*** Begin section ***

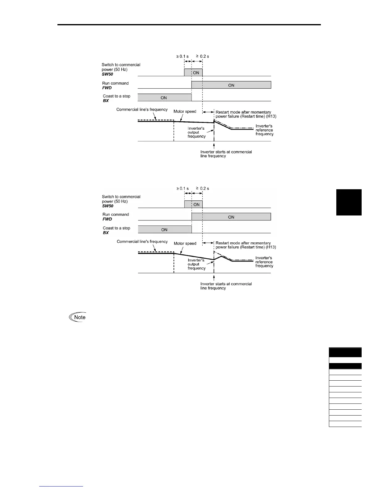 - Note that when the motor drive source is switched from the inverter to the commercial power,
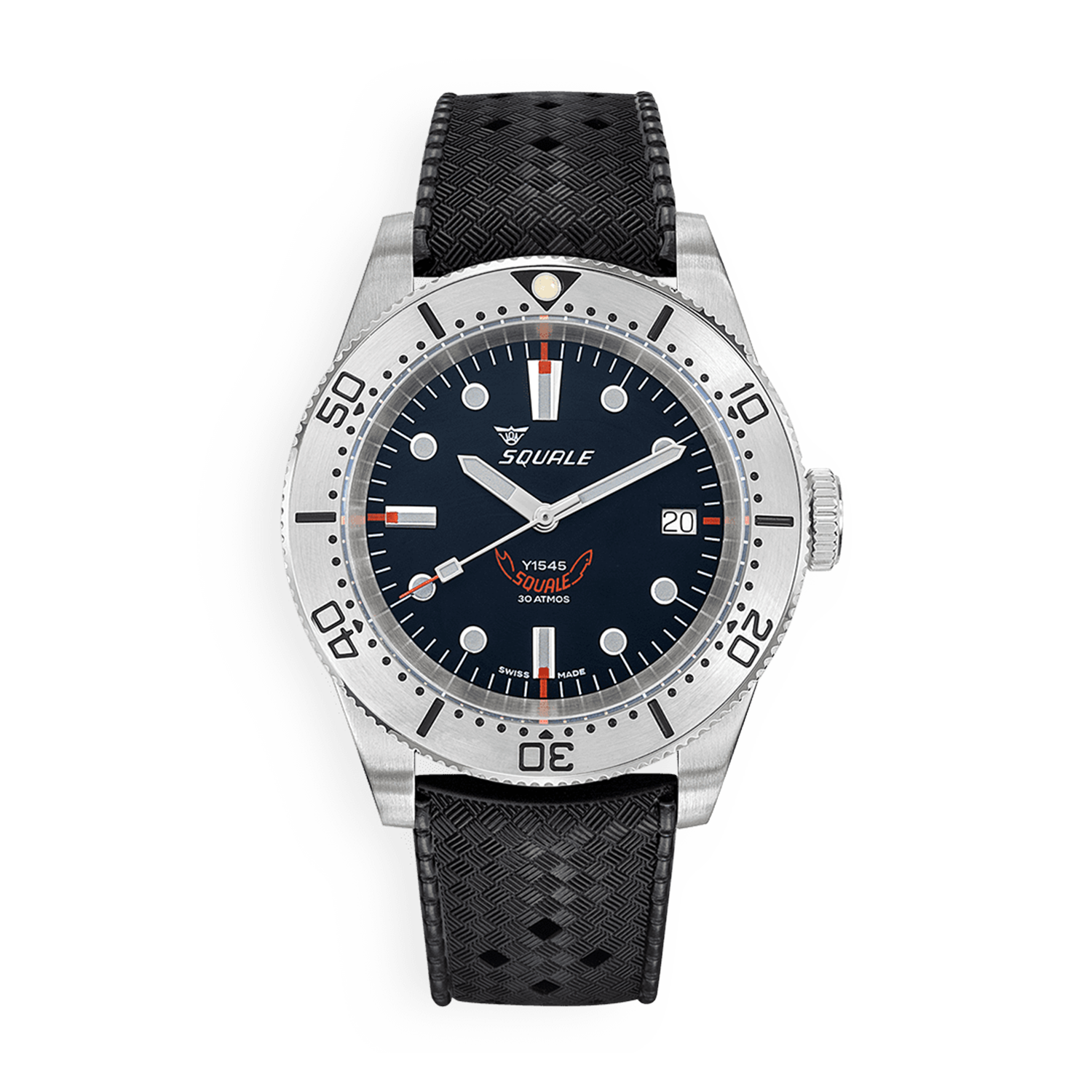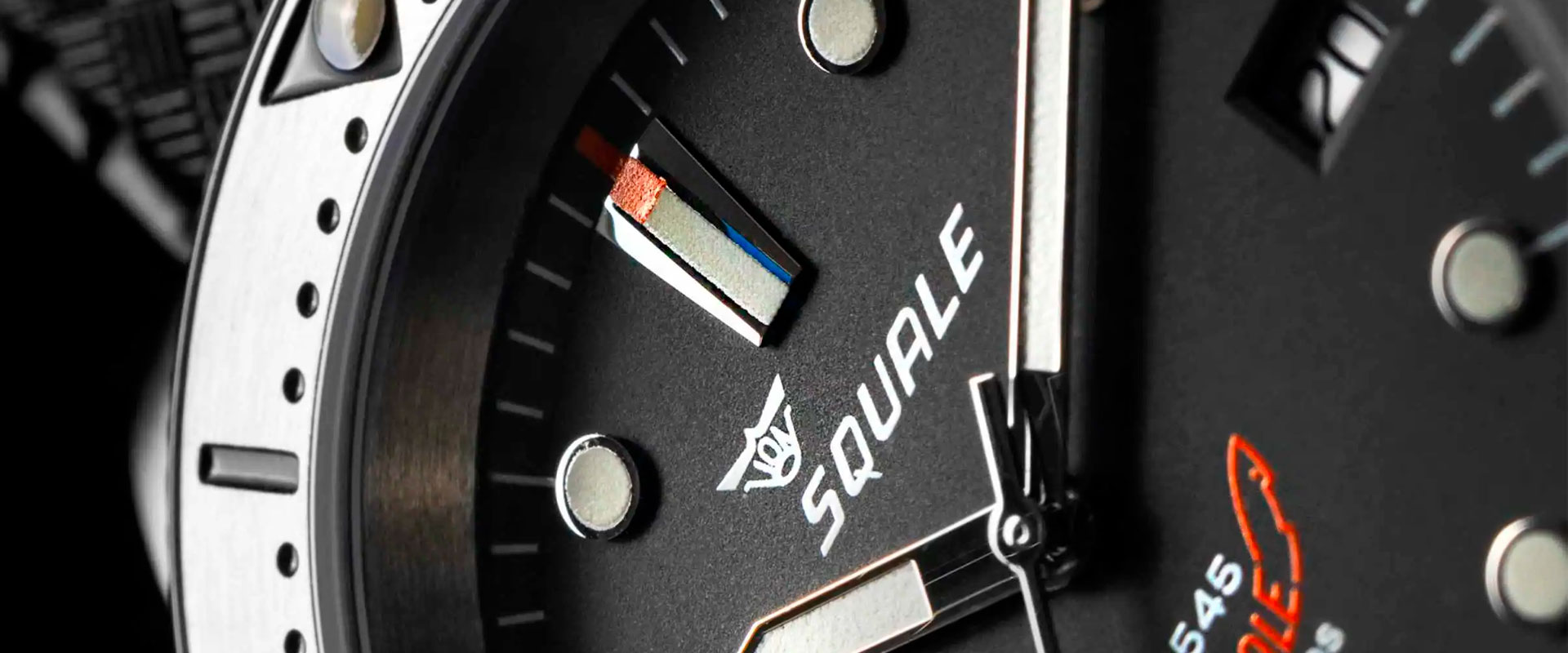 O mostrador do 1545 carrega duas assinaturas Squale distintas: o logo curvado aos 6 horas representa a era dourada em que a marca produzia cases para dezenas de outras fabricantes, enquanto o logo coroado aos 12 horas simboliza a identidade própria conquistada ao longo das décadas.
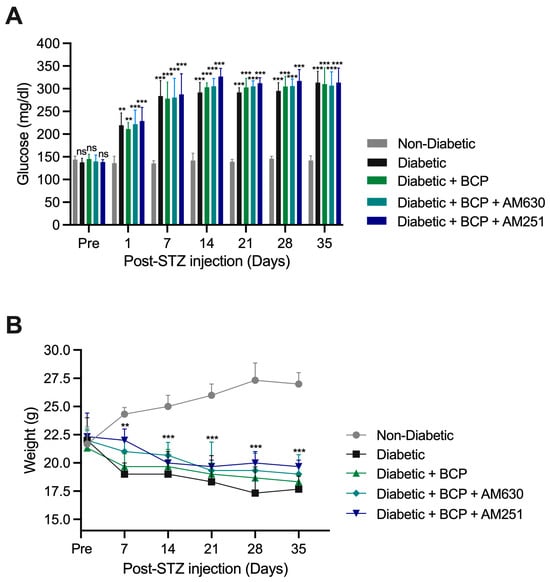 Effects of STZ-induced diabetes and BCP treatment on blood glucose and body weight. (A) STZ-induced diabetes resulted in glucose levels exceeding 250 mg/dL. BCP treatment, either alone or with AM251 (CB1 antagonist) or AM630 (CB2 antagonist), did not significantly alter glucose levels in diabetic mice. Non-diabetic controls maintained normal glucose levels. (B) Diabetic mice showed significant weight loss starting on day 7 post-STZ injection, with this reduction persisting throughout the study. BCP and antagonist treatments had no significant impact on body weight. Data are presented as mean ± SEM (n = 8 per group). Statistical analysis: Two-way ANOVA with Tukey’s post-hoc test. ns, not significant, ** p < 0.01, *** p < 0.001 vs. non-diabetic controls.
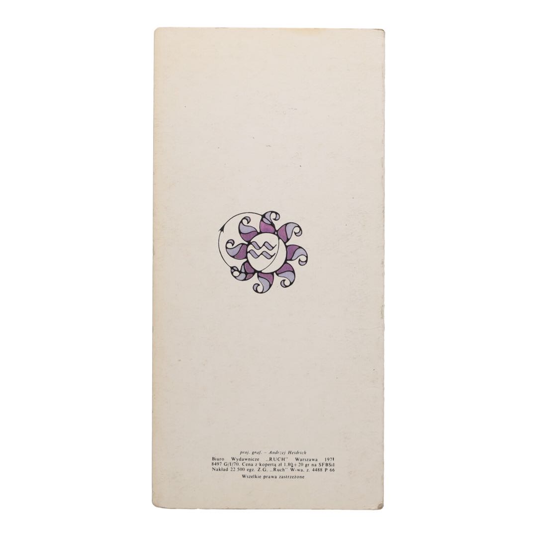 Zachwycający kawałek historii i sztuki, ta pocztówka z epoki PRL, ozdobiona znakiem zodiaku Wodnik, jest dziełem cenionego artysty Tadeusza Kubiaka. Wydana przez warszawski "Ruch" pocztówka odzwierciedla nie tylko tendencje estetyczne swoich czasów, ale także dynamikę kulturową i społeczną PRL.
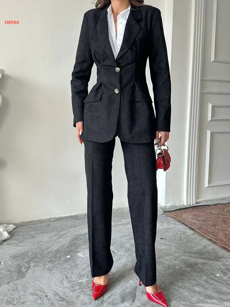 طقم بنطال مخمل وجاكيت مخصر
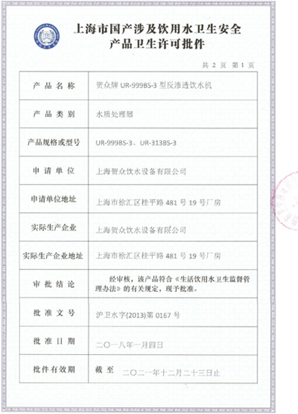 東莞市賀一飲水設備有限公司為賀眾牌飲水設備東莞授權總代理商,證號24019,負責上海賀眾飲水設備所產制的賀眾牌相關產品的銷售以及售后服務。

*** End section ***

--- To do ---
Take the line with "Effects of STZ-induced" and every line after it through the end of the data, and write only them out exactly, leaving out the pictures.

--- Task output ---
 Effects of STZ-induced diabetes and BCP treatment on blood glucose and body weight. (A) STZ-induced diabetes resulted in glucose levels exceeding 250 mg/dL. BCP treatment, either alone or with AM251 (CB1 antagonist) or AM630 (CB2 antagonist), did not significantly alter glucose levels in diabetic mice. Non-diabetic controls maintained normal glucose levels. (B) Diabetic mice showed significant weight loss starting on day 7 post-STZ injection, with this reduction persisting throughout the study. BCP and antagonist treatments had no significant impact on body weight. Data are presented as mean ± SEM (n = 8 per group). Statistical analysis: Two-way ANOVA with Tukey’s post-hoc test. ns, not significant, ** p < 0.01, *** p < 0.001 vs. non-diabetic controls.
 Zachwycający kawałek historii i sztuki, ta pocztówka z epoki PRL, ozdobiona znakiem zodiaku Wodnik, jest dziełem cenionego artysty Tadeusza Kubiaka. Wydana przez warszawski "Ruch" pocztówka odzwierciedla nie tylko tendencje estetyczne swoich czasów, ale także dynamikę kulturową i społeczną PRL.
 طقم بنطال مخمل وجاكيت مخصر
 東莞市賀一飲水設備有限公司為賀眾牌飲水設備東莞授權總代理商,證號24019,負責上海賀眾飲水設備所產制的賀眾牌相關產品的銷售以及售后服務。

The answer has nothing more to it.